Sammy yawned mightily. “Huh?”
“I’m sorry. Did I wake you?”
“I was up early for horse sonograms,” Sammy yawned again. “What’s up?”
“No. Forget I called. Go back to sleep.”
“I’m awake and eating directly out of a carton of Rocky Road. What’s up?”
“I’m hiding out in the women’s restroom at Farm and Field having a life crisis.”
“Mm-hmm,” Sammy answered. “Any particular impetus for said life crisis?”
“I take it you didn’t see The Monthly Moon yet,” Eden said dryly.
“Hang on. Let me bring it up o
nline.” Eden heard her friend’s fingers on her keyboard.
“Oh. Well, shit… oh my God. Is that a picture of you two naked?”
“What?” Eden hissed.
“Nothing. Forget I said anything. It’s kind of grainy. You’re in the front seat of a car. Wait, I thought you said it was just a fluke.”
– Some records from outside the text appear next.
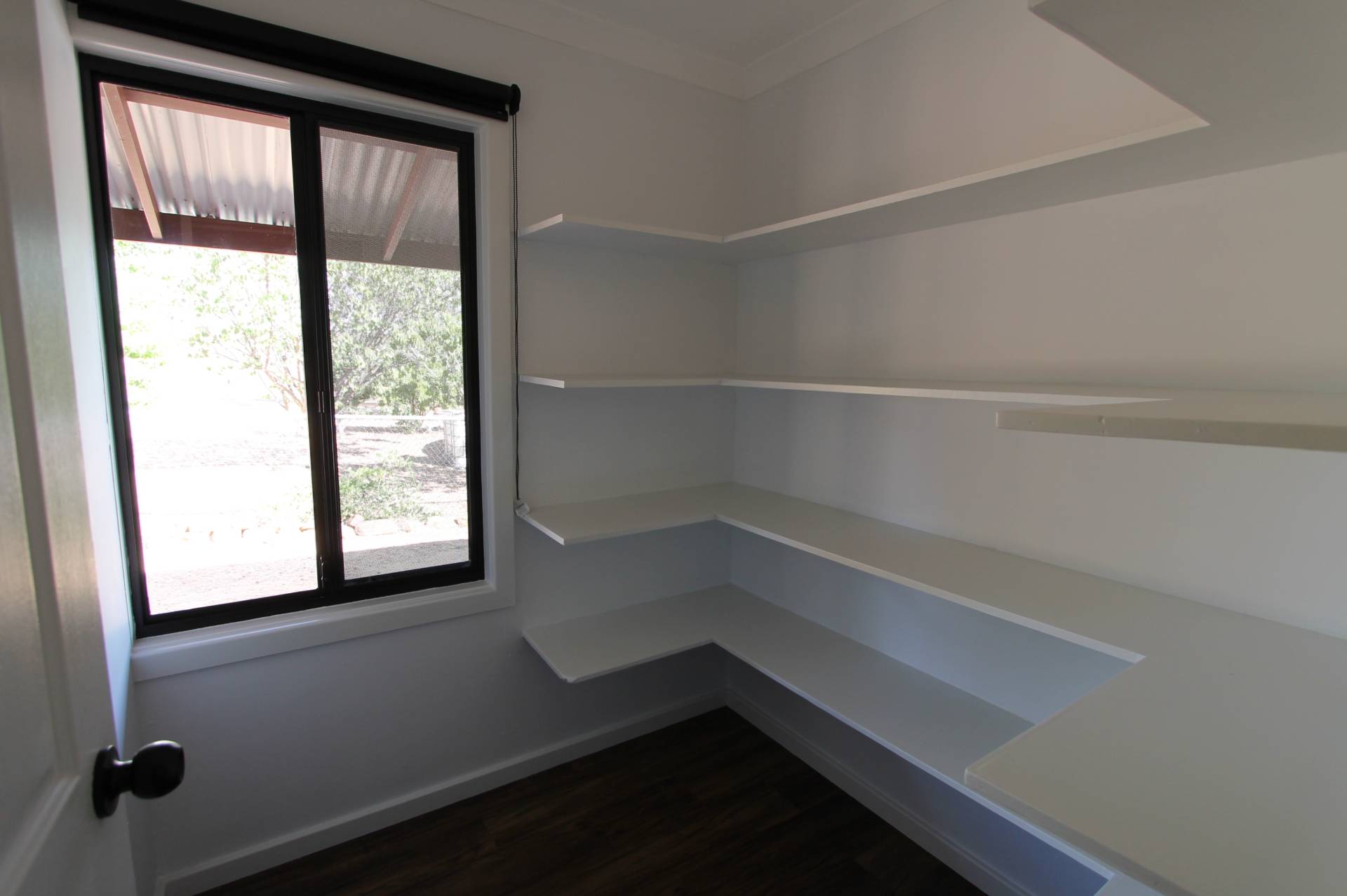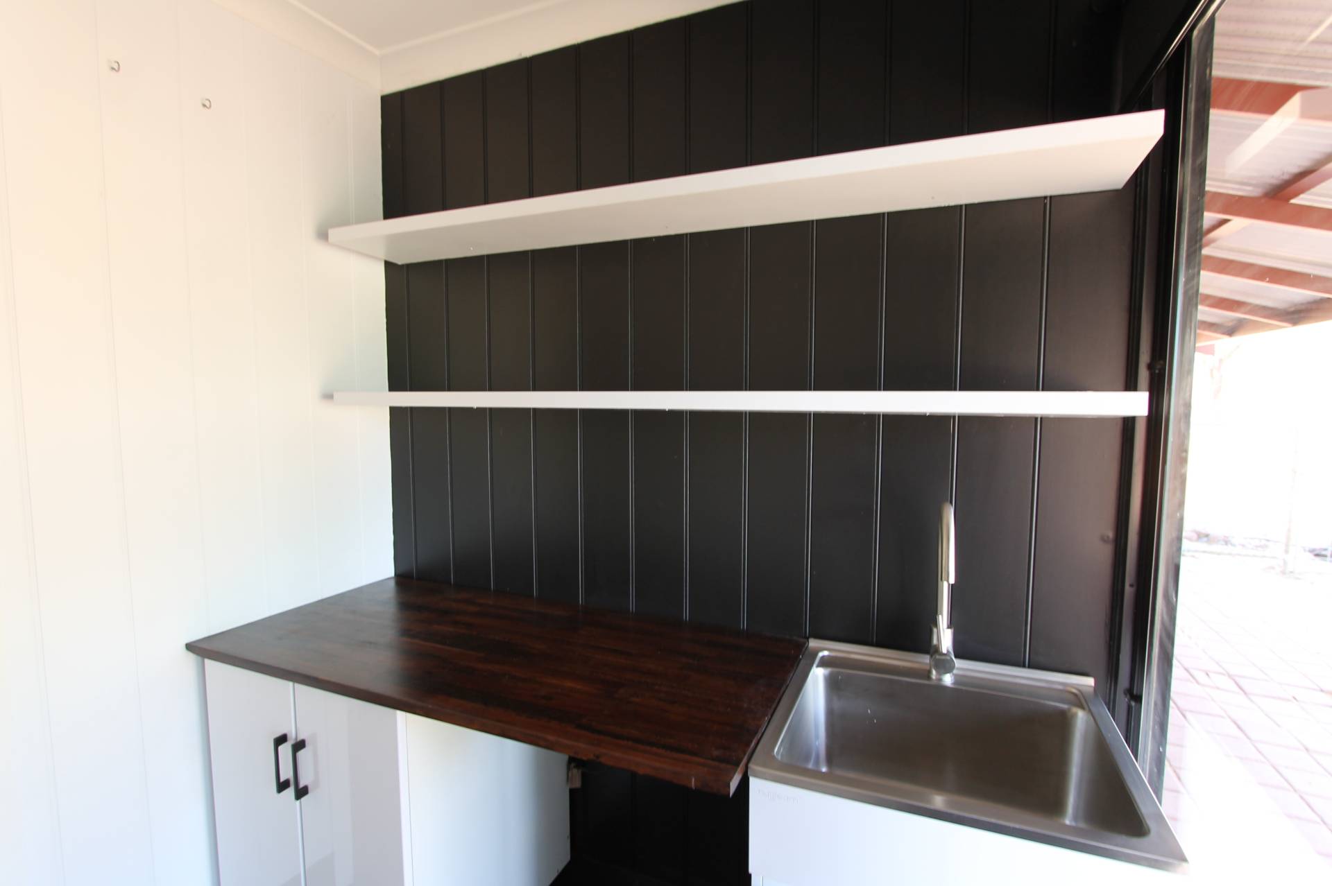 The laundry has been updated with new cupboards, a bench, and floating storage shelves. Side access to the house is also available through a sliding door.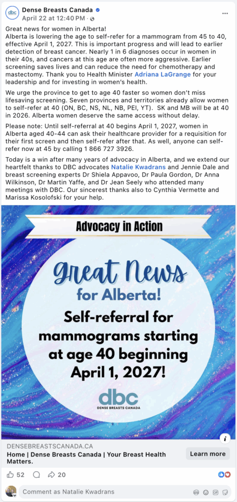 If you haven’t already heard the news that validates what I, and many others, have been advocating for: On April 22, 2026, the Government of Alberta announced it is lowering the breast cancer screening age to 40, effective April 1, 2027.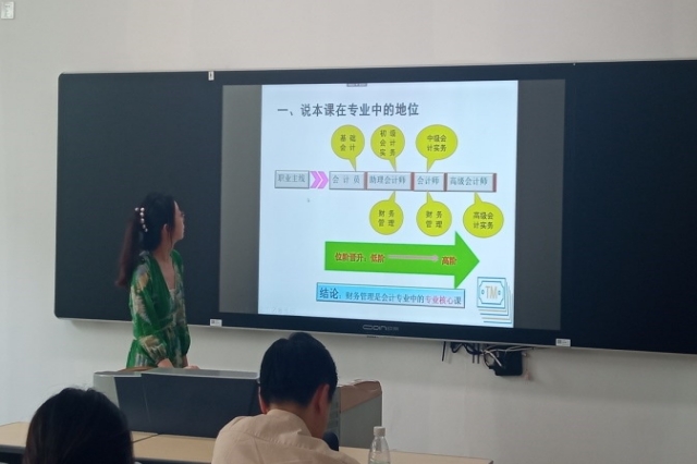 首先,王诗雅老师对《财务管理》课程的教学设计进行了汇报。她围绕课程的定位、课程教学目标、教学内容、教学内容和重难点、教学方法和手段、课程考核方式和教学反思等多个维度对所授课程作了分析和阐述。吴卓然老师对《经济法基础》进行了课程设计汇报,针对学生抗拒理论知识记忆等问题,通过联系学生日常生活和引入经典案例等方法来加深学生对于重难点知识的理解和记忆。王丽颖老师对《智慧化税费核算与管理》进行了课程设计汇报,认为对学生学习积极性不足等问题,采取以微课、动画设计相应教学项目的方式来加强学生学习的积极性。刘俊老师对《金融科技概论》进行了课程设计汇报,将课程内容与学生专业证书的考试内容相结合,以帮助学生加深理解与记忆。此外,薛蓓蓓和孟秋彤老师分别对本学期承担的《会计基础与实务》《证券投资分析》课程进行了课程设计的汇报。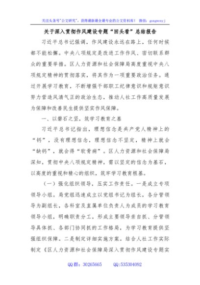 / 关于深入贯彻作风建设专题“回头看”总结报告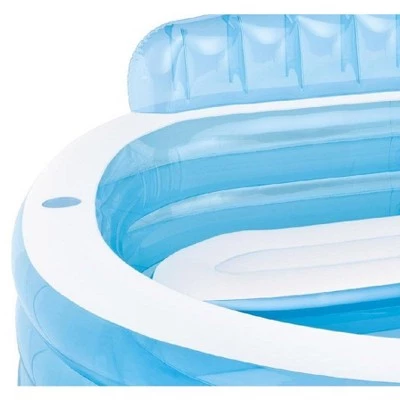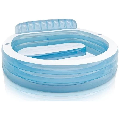 Take a splash in the Intex Swim Center Family Lounge Pool. Remarkably easy to setup, the Swim Center Family Lounge Pool requires simple quick inflation and is ready to fill with water and your little ones will be splashing and playing in minutes. Bring all the fun of the beach to your backyard and enjoy the colorful ocean graphics.Add some color and style to your backyard with the Intex Swim Centerâ„¢ Family Lounge Pool. The approximate inflated size is 88 inches long by 8 inches wide with 30-inch side walls. The water capacity is 156 gallons when filled to 12-1/2 inches of wall height. A built-in bench for parents makes it easy to relax and watch the kids at the same time.This package will also include This Intex Air Pump that is a great tool to have around any home. This Intex Air Pump includes nozzles for 3 common sizes, small, medium, and large. This allows you to use the pump in a variety of different circumstances. It’s great for inflating airbeds and pool toys in no time, and it plugs into standard household electrical outlet, so it’s convenient to use.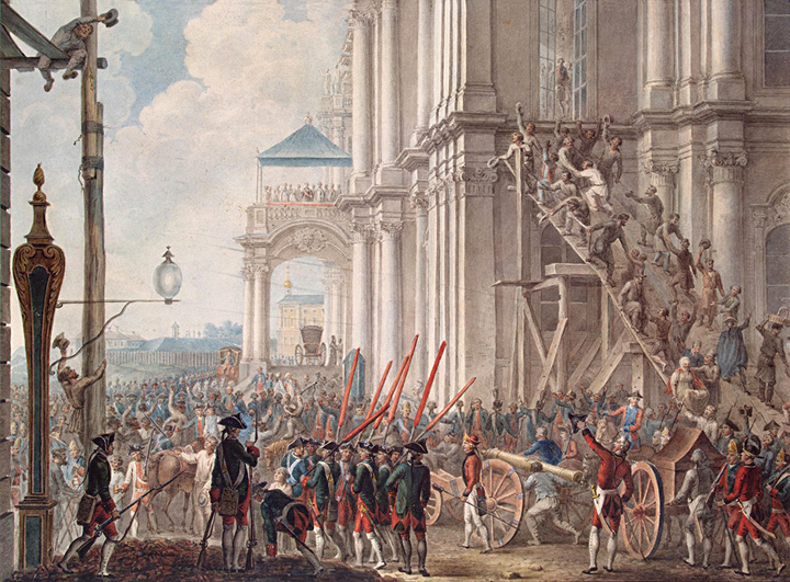 Неизвестный художник. «Екатерина II на балконе Зимнего дворца, приветствуемая гвардией и народом в день переворота 28 июня 1762 года». Конец XVIII — первая треть XIX в. Фото: Государственный Эрмитаж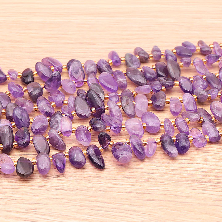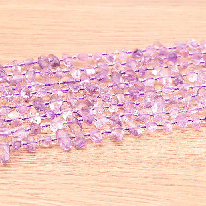 Perlenstrang mit gerollten Steinen 05 x 10mm heller Amethyst Brasilien AAA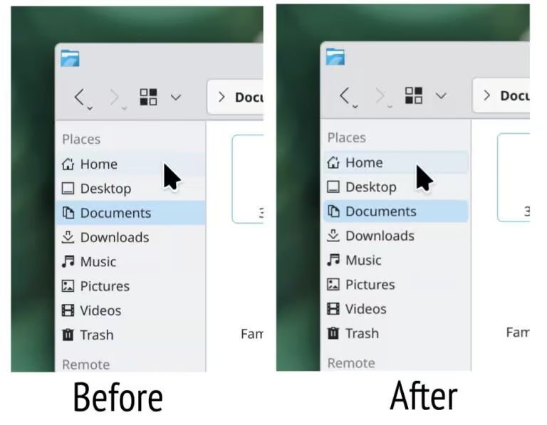 • Единый визуальный язык. Скруглённые подсветки приводят выделение элементов к общей дизайн-концепции Plasma 6, где активно используются мягкие формы.

“It was,” Eden insisted. “And so were the next seven times.”
“Seven? I really need to start dating,” Sammy sighed.
“Can we focus on my pain and suffering first? I promise we’ll get to your dismal dating life in a second.”
“Sorry. Focusing. So you’ve fluked eight times, and the town paper has just labeled you an unstable fire bug. Okay, go.”
“Sammy, I feel like everything is out of control. I’ve worked so hard to build this reputation, to not have people look at me as some irresponsible, arsonist teenager. And one time in bed with Davis, and I’m back to where I started.”
“Eight times,” Sammy corrected her.
Eden could hear Sammy’s ice cream spoon hit the sink. All of her years of work, of pushing to be seen as more than just a teenage screw-up, and now she was staring down at her teenage mugshot. The sad little Goth girl with eyeliner running down her face in the tracks of her tears. When she looked in the mirror she saw a woman now, lusting after Davis Gates—a man she could never have—and running off the rails.
“No one in town takes The Monthly Moon seriously. We’ve all been the target of ‘local vet dates Bigfoot’ headlines. And everyone knows what a smart, kind, amazing business woman and asset to the community you are. So, I’m guessing what you’re really freaking out over is the fact that you can’t stop inviting Davis into your pants.”
Eden toed the purple tile mural on the floor. “Maybe.”
“You’ve spent your entire adult life hating the guy, and now everything’s different.”
“Also, maybe.”
“Have you considered that perhaps the universe is trying to tell you something about your quests for revenge?” Sammy asked.
“Quests?”
“Didn’t you just spend fifteen years holding a grudge against Davis? And are you or are you not currently involved in a plot to foil the Beautification Committee?”